The first example of this structure was discovered in 1977 with , providing a chemical formula of Li14Zn(GeO4)4.  The crystal structure of LISICON consists of a network of [Li11Zn(GeO4)4]3- as well as 3 loosely bonded Li+. The weaker bonds allow for the lithium ions to easily move from site to site, not needing to break strong bonds to do so.  Also, this structure forms large “bottlenecks” between the interstitial positions which these ions occupy, additionally lowering the energy required to move from site to site. These two factors allow for the lithium ions to diffuse quickly and easily through the structure. However, because of the shape of the channels through which these lithium ions can diffuse, they are limited to 2 dimensional diffusion. LISICON compounds have relatively high ionic conductivity, on the order of 10−6 S/cm at 25 °C. LISICONs readily react with lithium metal and atmospheric gases such as CO2; as a result, their conductivity decreases with time.

LISICON-Like Materials 
There are other LISICON type solid electrolytes which make use of other elements to achieve higher ionic conductivities.  One such material has the chemical formula of Li(3+x)GexV(1-x)O4, where the value of x is between 0 and 1. There are two compositions, Li3.5Ge0.5V0.5O4 and Li3.6Ge0.6V0.4O4, which had ionic conductivities of 4*10−5 S/cm and 10−5 S/cm, an order of magnitude of improvement upon the base LISICON structure.  These materials show good thermal stability and are stable in contact with CO2 and ambient atmosphere, dealing with some problems extant with the original structure.
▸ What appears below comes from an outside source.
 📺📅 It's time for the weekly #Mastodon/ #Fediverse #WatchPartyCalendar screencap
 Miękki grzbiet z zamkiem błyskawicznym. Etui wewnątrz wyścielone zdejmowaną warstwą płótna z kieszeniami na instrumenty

There are materials with the chemical structure of Li(4-x)Si(1-x)PxO4.  This is a solid solution between Li4SiO4 and Li3PO4.  This solid solution can be formed over the whole composition range at room temperature.  The highest ionic conductivity are achieved at compositions of Li3.5Si0.5P0.5O4 and Li3.4Si0.4P0.6, with conductivity on the order of 10−6 S/cm.  This results from the substitution of some Si4+ for P5+ in the lattice, resulting in the addition of interstitial Li-ions which diffuse much more easily.  The ionic conductivity is further improved with the doping of Cl− to replace O2- in the lattice.  The compositions Li10.42Si1.5P1.5Cl11.92 and Li10.42Ge1.5P1.5Cl11.92 achieved ionic conductivities of 1.03 * 10−5 S/cm and 3.7*10−5 S/cm respectively.  This is theorized to be the due to the widening of the “bottlenecks” between interstitial points due to the Cl− ions smaller size, and the weakening of the ionic bonding Li+ ions experienced due to chlorine's lower electronegativity.
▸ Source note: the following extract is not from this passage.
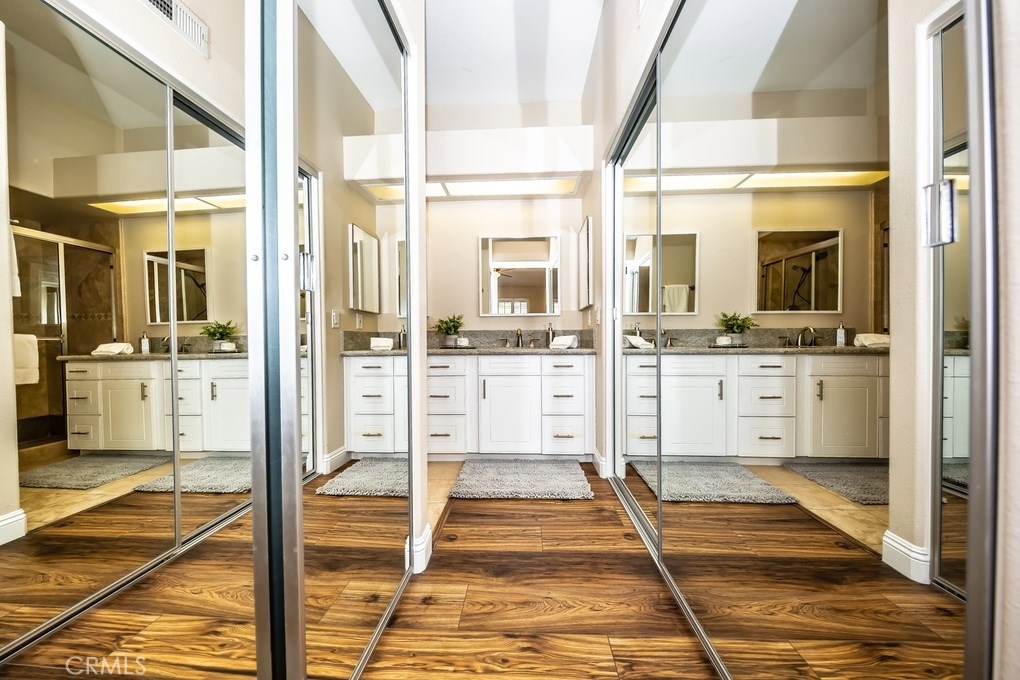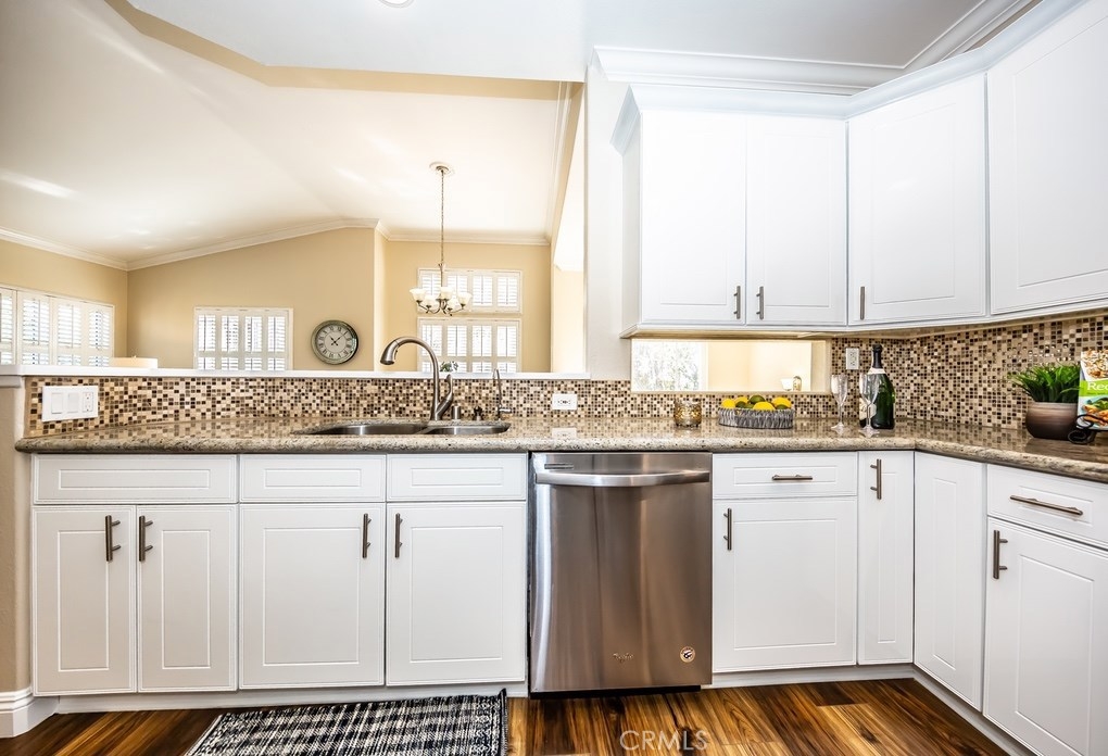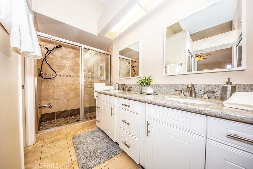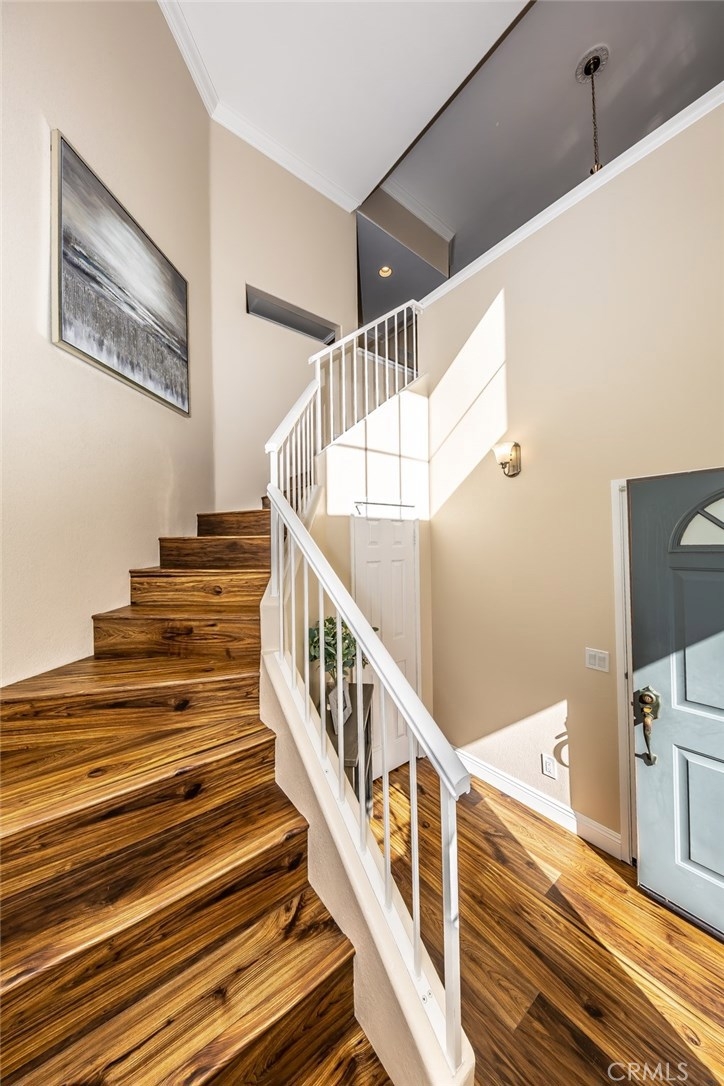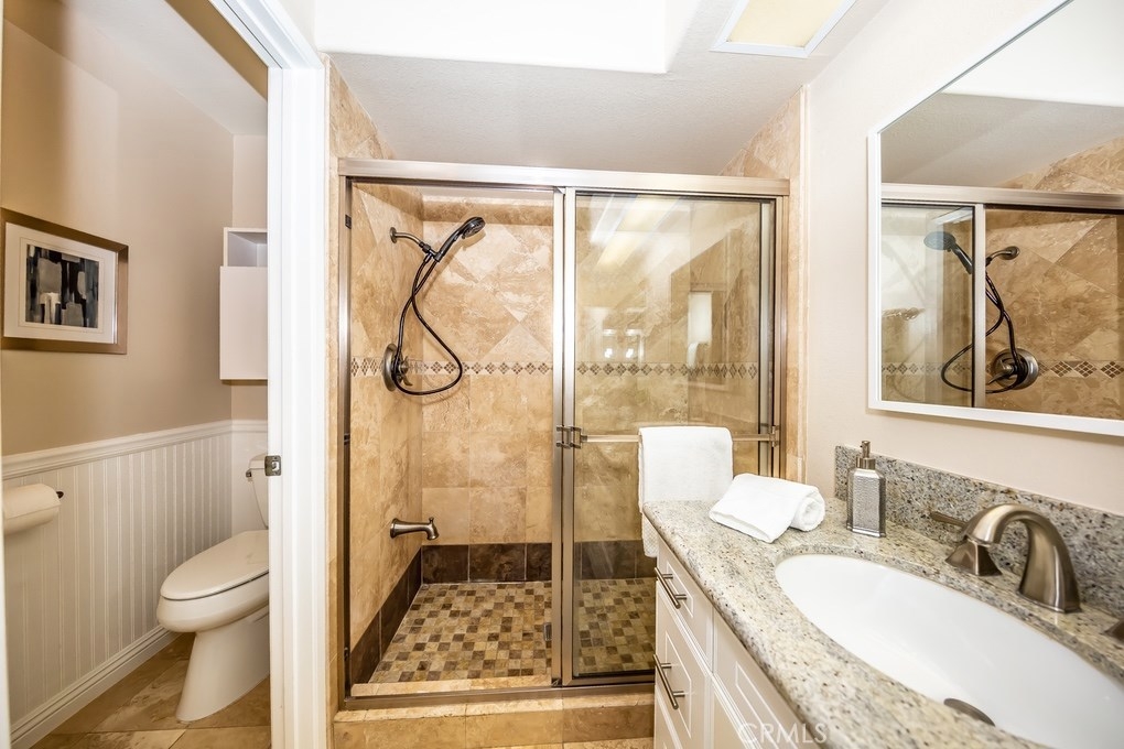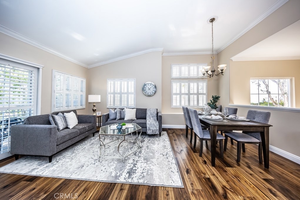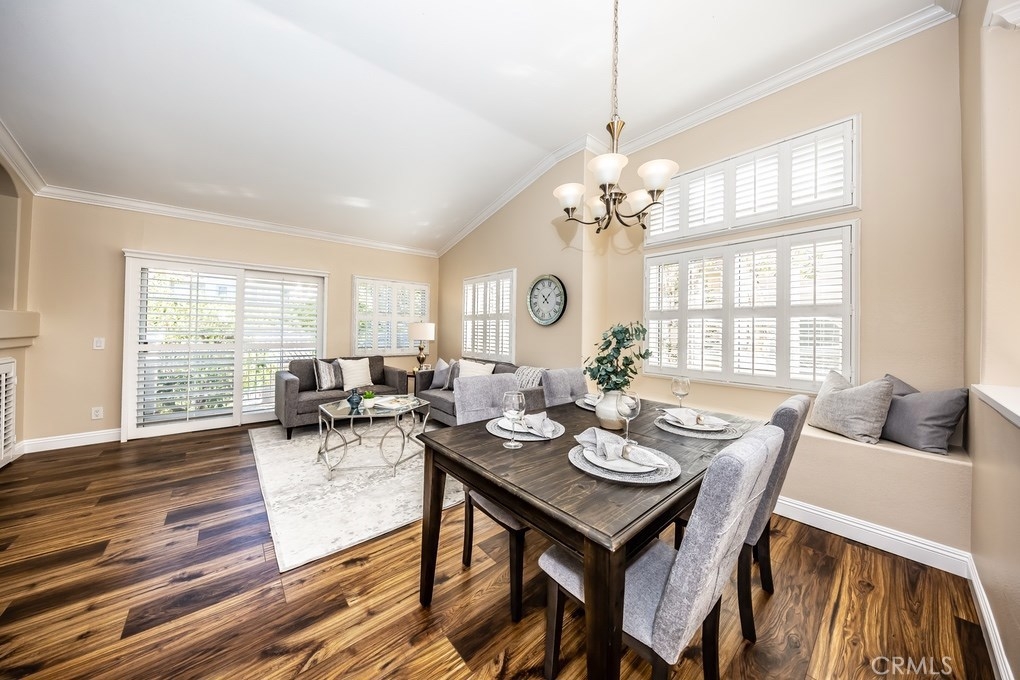 Viewpointe North just got a little sweeter! This end-unit 2 bedroom, 2 bath townhouse has been beautifully upgraded w/no one above or below you! New paint, wood floors & a stacked stone gas fireplace welcome you. Enjoy the view from your built-in window seat! Light & bright white kitchen cabinets w/grey granite counter tops & custom backsplash, along w/soft-closing drawers makes 4 easy meal prepping. Don't forget all the stainless steel appliances (refrigerator, dishwasher, microwave & brand new gas range) are included! Stylish wainscoting & recessed lighting are throughout as well. Double door entry to the master bedroom invites you to mirrored wardrobe doors & new upscale ceiling fan fixture. The master bathroom offers a vaulted ceiling, upgraded natural travertine shower & granite countertops w/double sink vanity. The built-in Murphy Bed cabinetry surrounds the second bedroom wall...all it's waiting for is your bed! The electric washer & dryer are included & wooden shutters close for reducing noise. There's an attached 1-car garage w/direct home entry w/auto door opener, as well as a long driveway & carport, providing space for 3 cars! Viewpointe North is a gated community w/2 pools, 5 spas, clubhouse, BBQ areas & greenbelts throughout. HOA also includes cable service. Great location near dining, shopping, entertainment & easy access to 91, 55, 241 & 57 FWYS make this the ideal, turnkey Anaheim Hills home. Are you ready to move in? It's just waiting 4 you to call it yours

The conductivities are almost 100 times higher in thio-LISICONs, where oxygen is replaced by sulfur, i.e. the corresponding thiosilicates.  The bonding between S2- and Li+ is weaker than that between O2- and Li+, allowing for the Li+ in the sulfide structure to be far more normal than its oxide counterparts.  Ceramic thio-LISCON materials based on the chemical formula Li(4-x)Ge(1-x)PxS4 are promising electrolyte materials, with ionic conductivities on the order of 10−3 S/m or 10−2 S/m.

Applications 
LISICONs can be used as the solid electrolyte in lithium-based solid-state batteries, such as solid state nickel–lithium battery.  For this application, solid lithium electrolytes require ionic conductivities greater than 10−4 S/cm, negligible electronic conductivity, and a wide range of electrochemcial stability.